Raymond Nordwall

Raymond Nordwall

The spirit and culture of the Native American lives in the work of Santa Fe artist Raymond Nordwall. Of Pawnee and Ojibwe heritage, he is known for his contemporary and bold depictions of traditional cultures. Raymond is recognized for his stunning monotype creations, blending the modern art of printing with more traditional oil pastels and pencil. He has won numerous awards throughout his career, including the prestigious honor of creating the 2000 poster image for the Santa Fe Indian Market.

Raymond Nordwall is the son of Al Nordwall an Oklahoma ceremonial pipe maker and great-grandson of Roam Chief, a renowned turn-of-the-century Pawnee Religious leader. Raymond grew up in Oklahoma where he became linked to the culture. He was raised in a traditional way and went to Pawnee ceremonies and dances and began dancing by the time he was five.

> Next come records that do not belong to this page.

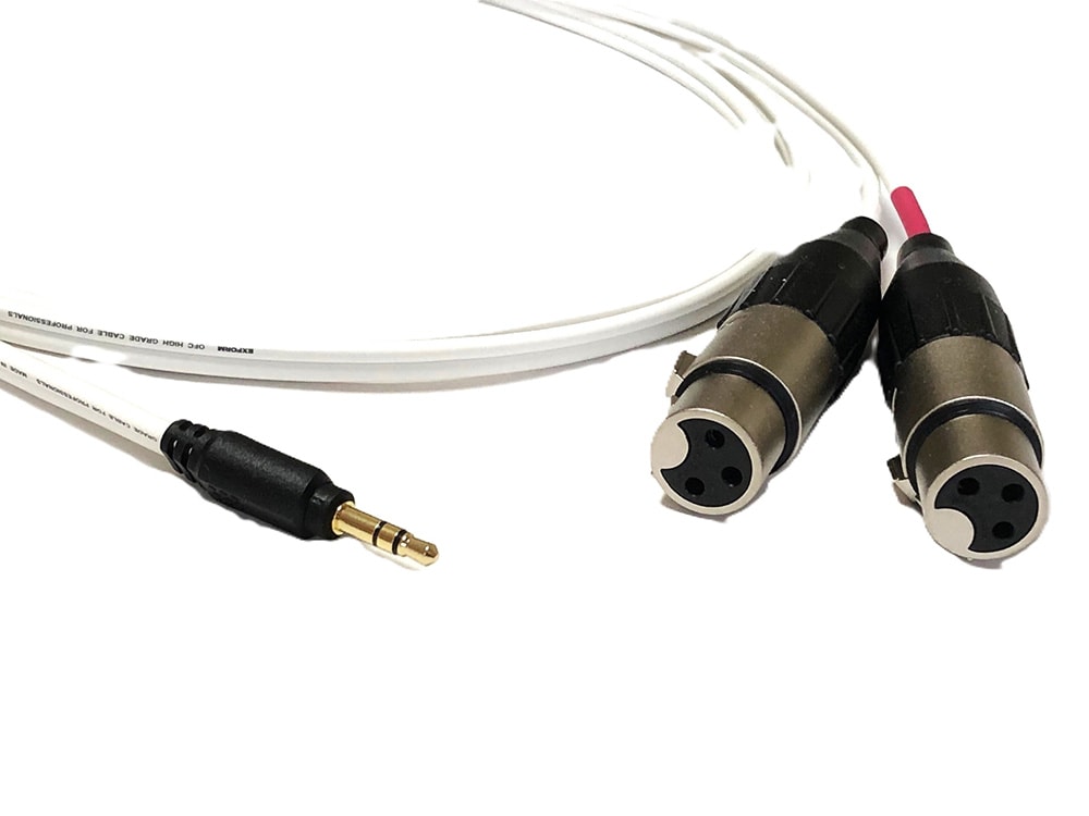 DJコントローラーやDJミキサー、レコーディングミキサーなどのXLR端子から出力される音声を、アンプ内蔵スピーカーなどのミニステレオプラグのインプット端子に接続するのにオススメな高音質ケーブルです。端子形状は片側が3.5mmステレオミニフォンオス、分岐側はXLR(メス)の二又になっています。
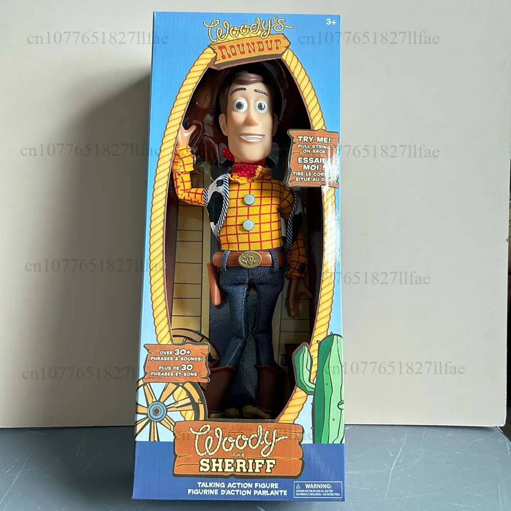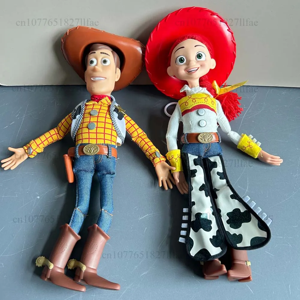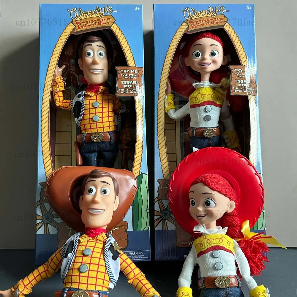 - > História 3 4 falando woody jessie buzz figuras de ação pano real corpo boneca modelo brinquedos voz boneca coleção ornamento mesa
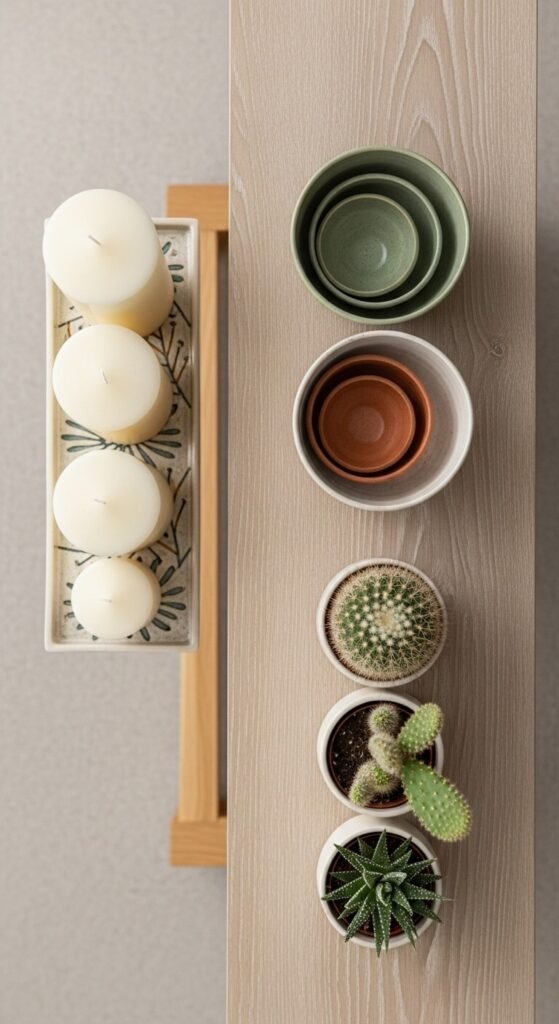 Here’s a designer secret that instantly elevates any display: group items in odd numbers. Three candlesticks look more intentional than two or four. A single large vase makes a bolder statement than a matched pair.
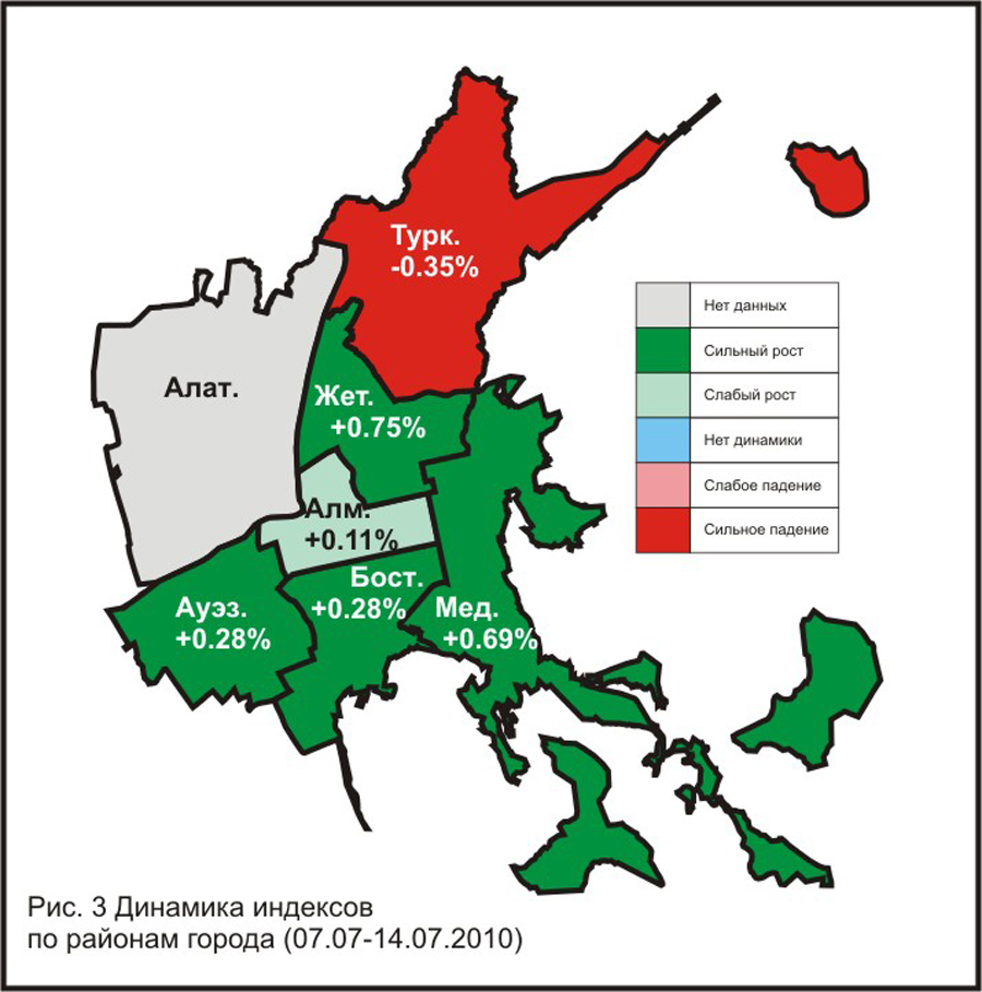 — падение индекса произошло только в одном Турксибском районе (-0.35%);
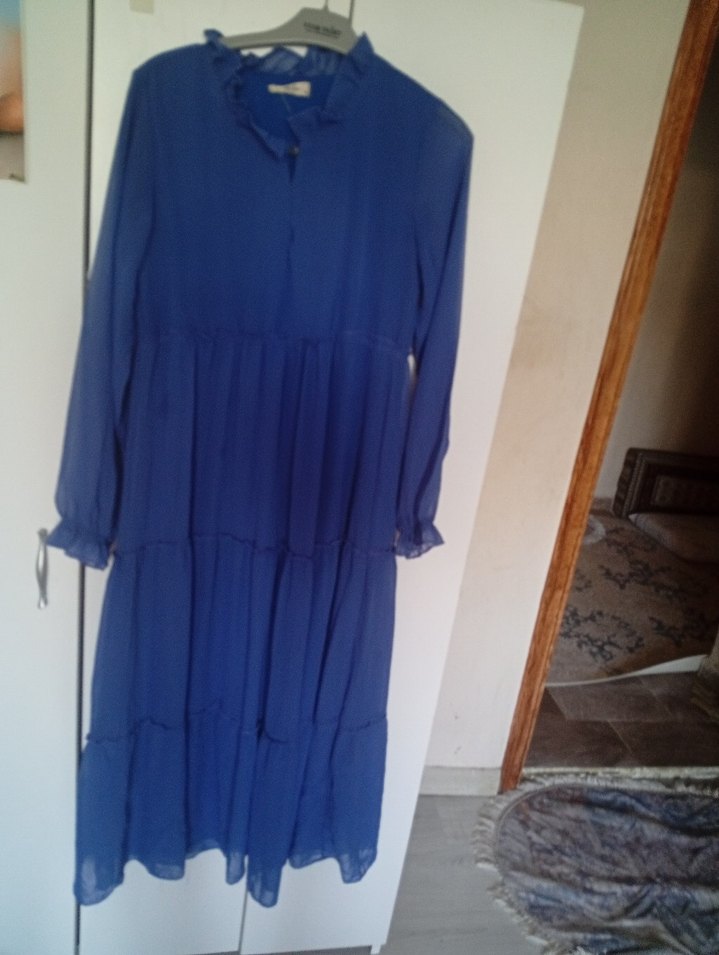 Diger markasının lacivert uzun elbisesi, bol kesim ve piliseli detaylara sahiptir. Yumuşak sentetik kumaştan, uzun kollu ve yüksek yakalıdır. Minimalist bohem tarz için uygundur.
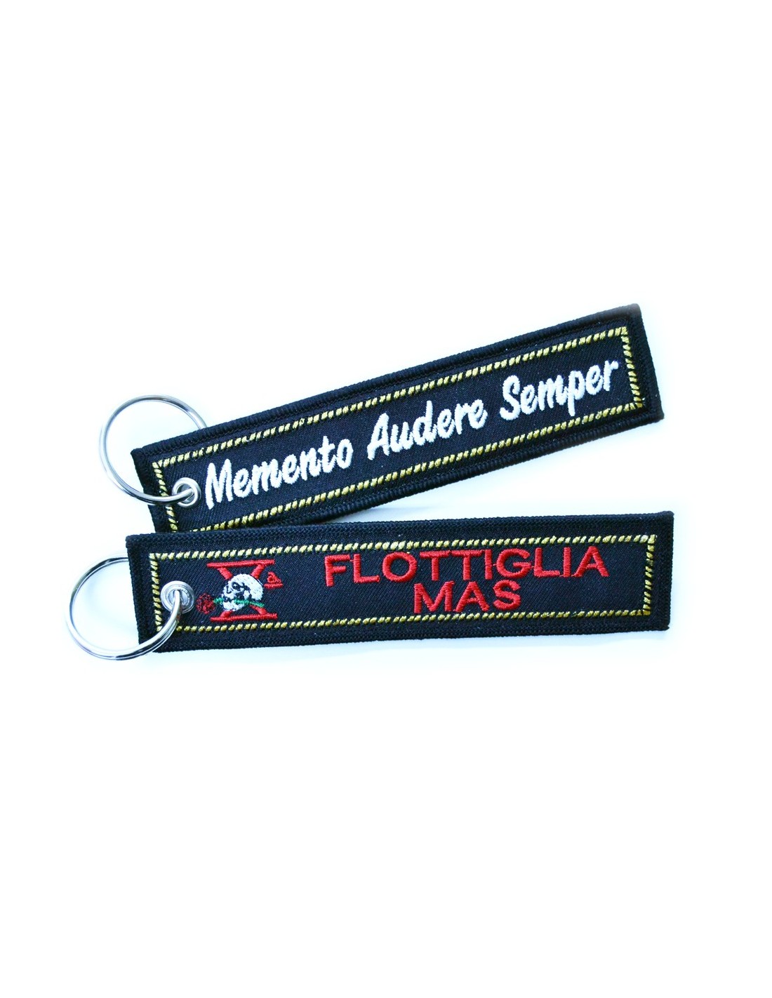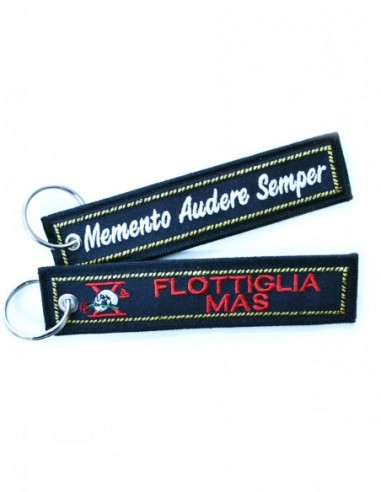 Portachiavi in tessuto ricamato X Flottiglia Mas su un lato e sull'altro il famoso motto "Memento Audere Semper"
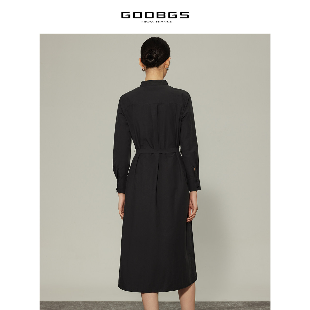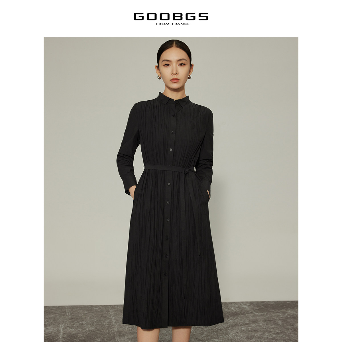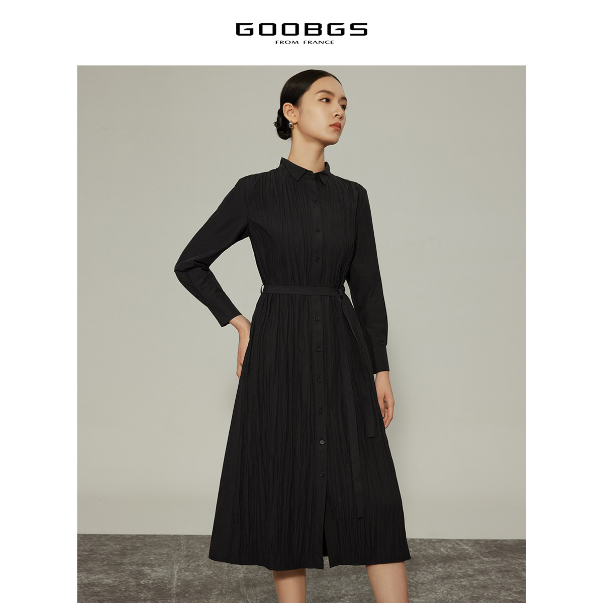 谷邦黑色小立领褶皱长袖连衣裙春秋新款高级感法式优雅通勤中长裙
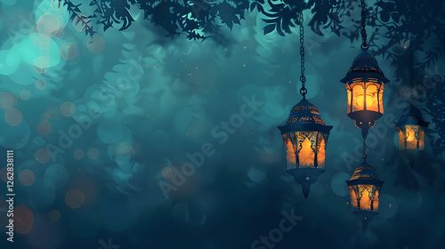 Enchanted evening scene with glowing lanterns hanging amidst soft bokeh background
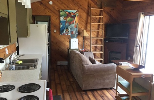 Enjoy a lakefront beach vacation! Canoe, swim, golf, fish, suntan, and play. This 2 bedroom private cabin is located on Twin Lakes, in Kaleden, BC. This lovely setting is just 20 minutes West of Penticton or Okanagan Falls, and 15 minutes from Keremeos. There is also a golf course, a convenience store, and liquor store, within a 5 minutes drive.
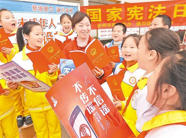 12月3日,在四川省達州市通川區(qū)羅江鎮(zhèn)魏興實驗學校,普法志愿者給學生講解憲法知識。今年12月4日是第十一個國家憲法日,各地開展形式多樣的活動普及憲法知識,宣傳法治觀念。2024年“憲法宣傳周”活動主題為“大力弘揚憲法精神,推動進一步全面深化改革”,時間為12月1日至7日。新華社發(fā)
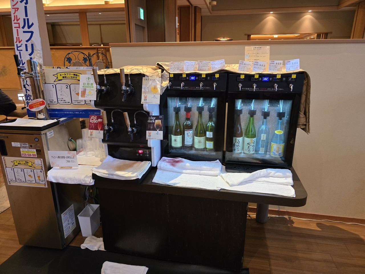 内風呂のほかに露天風呂がいくつもあり楽しめる。ロビーには無料のラウンジがあり、ワインや日本酒、ビールのアルコール類、コーヒーやソフトドリンクがあり、自由に飲める。夕方は、ミニケーキやホテルで販売している和菓子も食べられる。風呂上がりに、夕食後に、利用できて良かった。
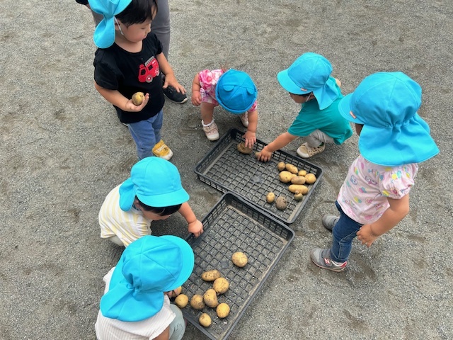 さくらくみさんが掘ったじゃがいもに興味津々です!!
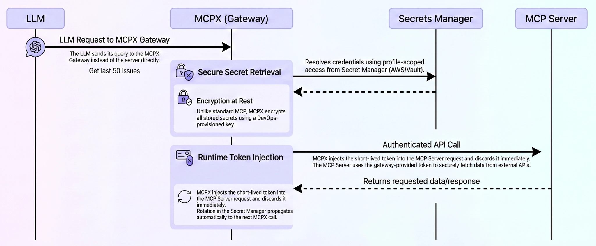 Secret management in MCPX, Lunar's MCP gateway, handles secret management at the protocol layer:
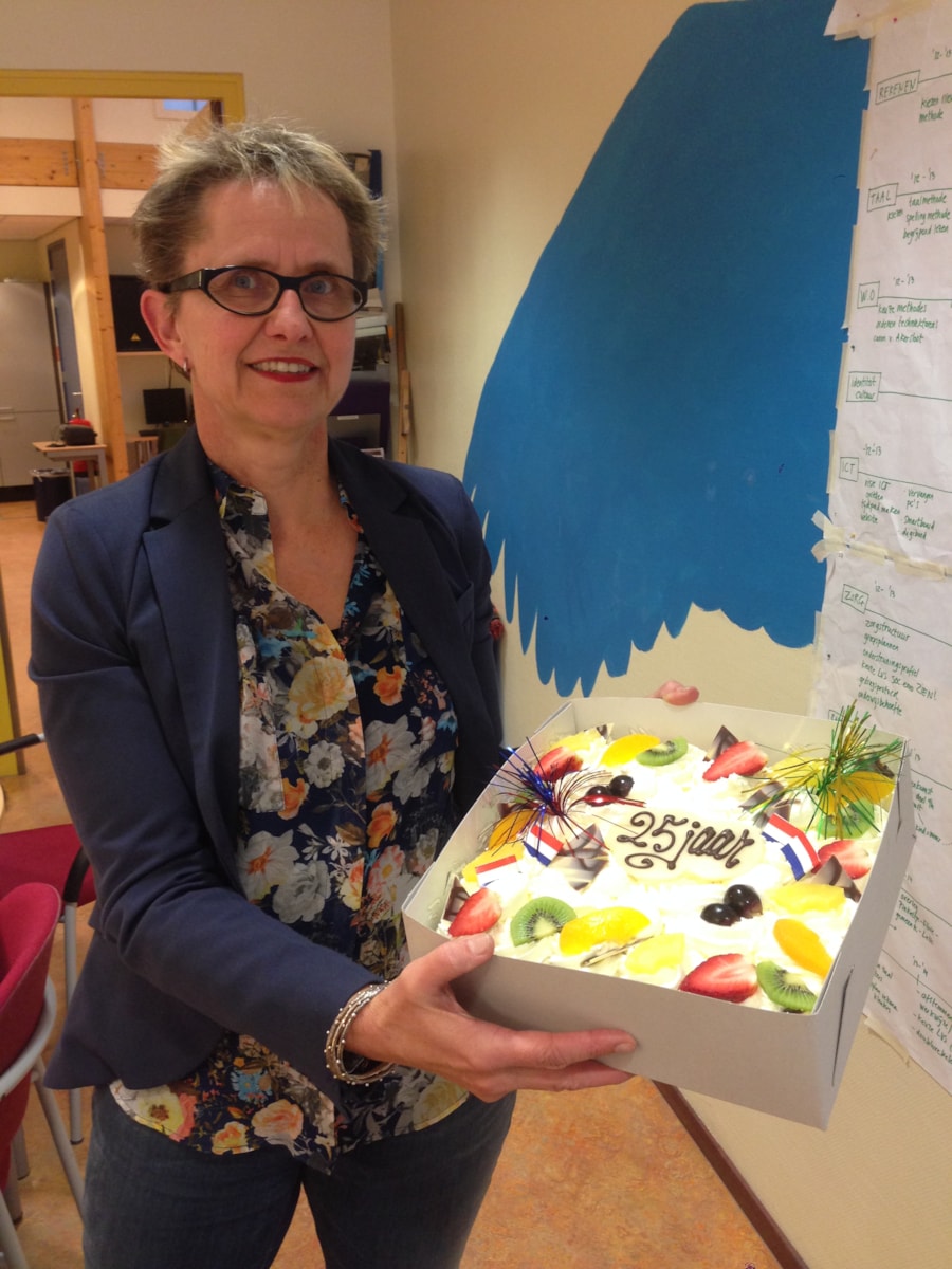 Dinsdag was juf Ans de jubilaris! Ze werd ’s morgens toegezongen door de groepen 8. Er werd een gezellige dag van gemaakt waarbij juf Ans trakteerde. Vrijdag kwam groep 6 met een zelfgebakken taart aan.

Raymond learned to paint from Johnny Tiger Jr. and his brother Jerome Tiger. Jerome was the better known painter who was tragically killed in an accident in 1967. While in Junior High School, Raymond and friends participated in art shows in Texas and Oklahoma. At a young age he was selling his paintings at museum shows and was determined that he could make a living as an artist.

While attending Oklahoma State University in Stillwater, his university professors openly disapproved of his traditional style and encouraged him to transfer to Bacone College in Muskogee where Indian styles were more readily accepted. Raymond is grateful to have studied under the direction of Dick West, an instructor at Bacone, who influenced an entire generation of Indian Art Students. Dick stressed research by students for historical accuracy in art. Raymond spent two years (’85-’86) there and graduated with a degree in two dimensional art. He also attended the Institute of American Indian Art in Santa Fe earning an Associate Degree in fine Arts, with honors in 1987.

Raymond was accepted to the Chicago Art Institute but elected to continue working for and studying under the tutelage of Frank Howell. Classmates Diego Romero and Tony Abeyta went on to continue their art education. Raymond has independently studied Rembrandt, Van Gogh, Monet and Marc museum paintings in the U.S. and Europe. He has learned that Japanese wood blocks influenced French impressionists and post impressionists. These painters have influenced his favorite Native painters and all have influenced his subject matter, composition, brush strokes, and style.

Painting helps Raymond to deal with life. Native subject matter brings Raymond close to his mother Eva Nordwall (nee Fields). He incorporates Hummingbirds and eagles in memory of his son. He paints warriors not in the sense of tension but in the sense of watchful spirits who serve as protectors and family providers. If not painting or working every day he feels as though he is wasting his purpose for being on this earth.